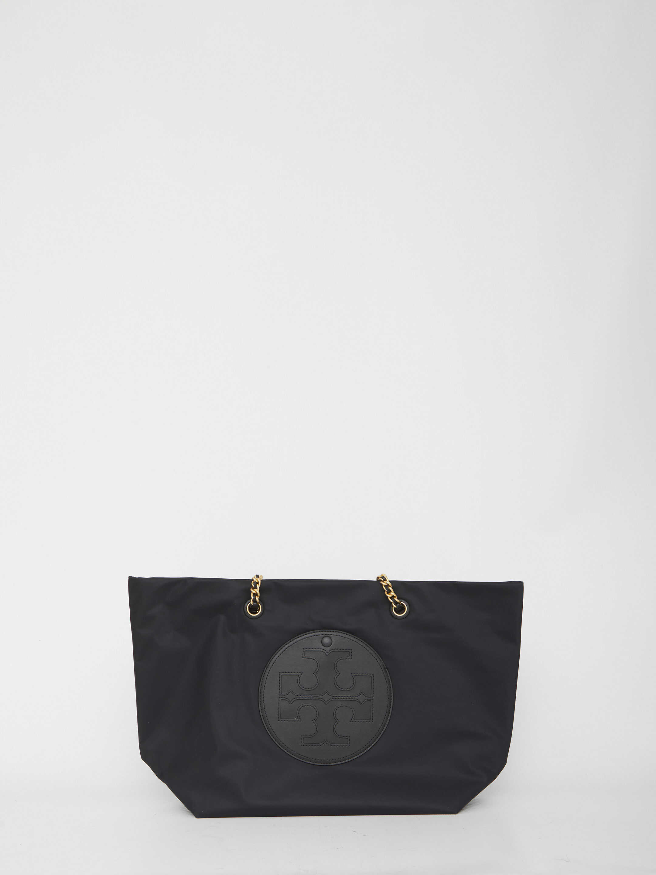 Ella Chain Tote bag in black coated canvas with press-stud Double T logo leather patch on the front. It features chain handles, magnetic closure, one main interior compartment and one interior zip pocket.
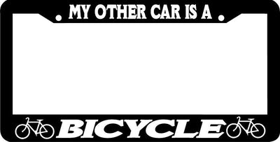 MY OTHER CAR IS A BICYCLE Plastic License Plate Frame Polystyrene plastic with vinyl graphics. Strong with tabs on the back to secure your plate to the frame. This is a buy it now for the frame pictured
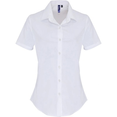 Popelínová elastická halenka s krátkým rukávem - lehce vypasovaný střih, knoflíková léga bez viditelných švů, zaoblený lem, záševky na přední a zadní straně - materiál: 97%...

+++

**Your task:**
Output the material word for word, and keep the pictures out.

**The answer:**
 Ella Chain Tote bag in black coated canvas with press-stud Double T logo leather patch on the front. It features chain handles, magnetic closure, one main interior compartment and one interior zip pocket.
 MY OTHER CAR IS A BICYCLE Plastic License Plate Frame Polystyrene plastic with vinyl graphics. Strong with tabs on the back to secure your plate to the frame. This is a buy it now for the frame pictured
 Popelínová elastická halenka s krátkým rukávem - lehce vypasovaný střih, knoflíková léga bez viditelných švů, zaoblený lem, záševky na přední a zadní straně - materiál: 97%...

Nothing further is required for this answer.